I wouldn't call the Mustang a sports car period. A sports car to me, and to most other car enthusiasts, include cars such as Corvette, Miata, Boxster, etc... These cars are designed to perform well on race track conditions right out of the box. They're not made for a straight line, necessarily. Mustangs, Camaros, Challengers and the like are pony cars. There are distinct differences between the two categories.
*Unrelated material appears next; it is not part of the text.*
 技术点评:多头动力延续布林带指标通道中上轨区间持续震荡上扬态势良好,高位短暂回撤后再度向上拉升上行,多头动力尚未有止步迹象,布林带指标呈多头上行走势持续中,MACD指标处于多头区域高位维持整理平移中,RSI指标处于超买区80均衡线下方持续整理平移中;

In any case, the two originally discussed cars are American passenger cars. There are good and bad, but countries, in general, don't always have blanket issues (Germany - electrical, etc...). It's a shame that people still label American cars as junk. Sure, the 70's and 80's were broken ankles of American automobiles, but today they're surpassing expectations of both Asian and German counterparts. Sure Japanese cars run forever, but they're supposed to slow down when you take your foot off the gas.


----------



## MechGuy (Jun 10, 2010)

Master slacker said:


> I wouldn't call the Mustang a sports car period. A sports car to me, and to most other car enthusiasts, include cars such as Corvette, Miata, Boxster, etc...
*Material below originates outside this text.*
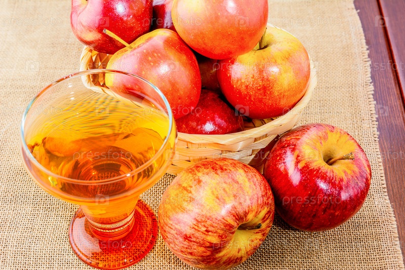 Бокал яблочного сидра и красные яблоки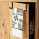 A boho inspired kitchen towel with a hand drawn kitchen shelf illustration perfect for modern farmhouse living. Designed in a pastel yellow, grey, and green colour palette, this unique home decor accessory will be a stunning accent piece for kitchen, living and dining room and make a beautiful gift for her who loves cooking.

Miata? Really? I wouldn't call that anything other than a girls car. Sports car surely not.


----------



## Chucktown PE (Jun 10, 2010)

Capt Worley PE said:


> Chucktown PE said:
> 
> 
> > Capt Worley PE said:
> ...


Front and rear end body damage. It looks like the drive train is okay. The air bag did deploy but I can get one off of ebay. I read that if the repair bill is more than 30% of the car's blue book value then it's considered totaled and the insurance company won't pay to fix it.



Master slacker said:


> I wouldn't call the Mustang a sports car period. A sports car to me, and to most other car enthusiasts, include cars such as Corvette, *Miata*, Boxster, etc... These cars are designed to perform well on race track conditions right out of the box. They're not made for a straight line, necessarily. Mustangs, Camaros, Challengers and the like are pony cars. There are distinct differences between the two categories.


:f_115m_e45d7af:


----------



## Capt Worley PE (Jun 10, 2010)

Chucktown PE said:


> Front and rear end body damage. It looks like the drive train is okay. The air bag did deploy but I can get one off of ebay. I read that if the repair bill is more than 30% of the car's blue book value then it's considered totaled and the insurance company won't pay to fix it.
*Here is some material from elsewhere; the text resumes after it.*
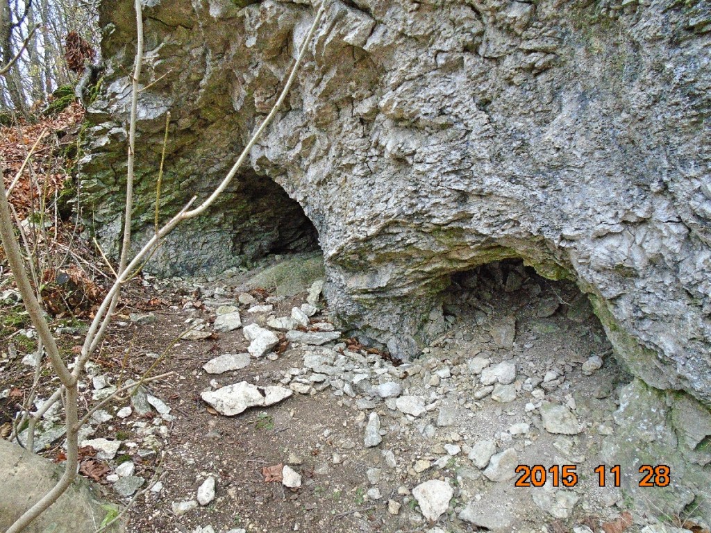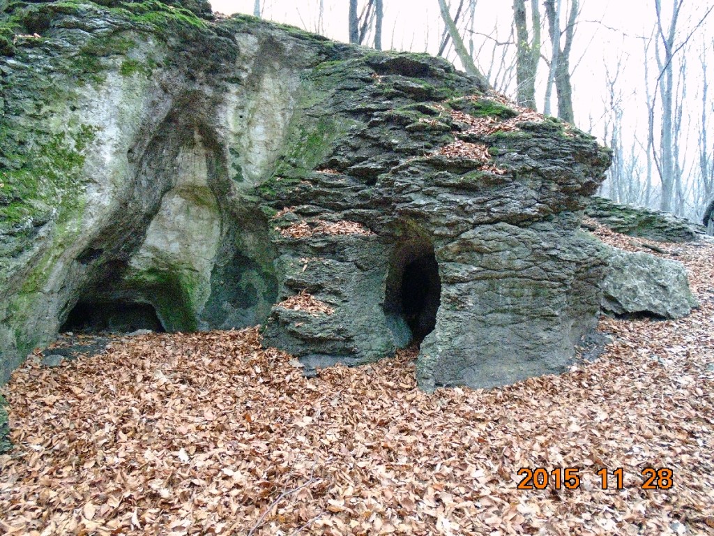 Na, nem Rómáig lehet innen ellátni, csak Pápa városáig. A látványért azonban meg kell dolgozni! Több helyen is komolyabb kaptatón vezet az út, mire felérünk jól kimelegszünk. A sziklatömb aljában érdekes nyílásokat találunk, mintha valaki barlangot akart volna nyitni itt.

OK, here's the deal. I know you don't want to hear this, but I have to say it, then I'll let it go.

My Mom was an insurance adjuster, so she is pretty familiar with what it takes to total a car. the number is far higher than 30%, but that number does change with the age of the car as its value decreases. The value of the car goes down, repair cost never does.

But, she was adamant to never, never, ever by a totaled car, partly because our first car was a total. It was a simple repair, but we were still finding glass in it six years down the road. But that was in 1965. Stuff is a lot more complicated now, and it is easy to have unseem damage that causes big problems down the road.

I would bet there is some frame damage on that truck.

Anyway...just had to say it, so I wouldn't feel bad if something happened.

The 2007 was the first year of the new body style and its intro was fast tracked by six months. despite this, the trucks didn't have any major problems. You might want to check some GMT900 websites. gminsidenews might be a help, too. there are a lot of techs on that site.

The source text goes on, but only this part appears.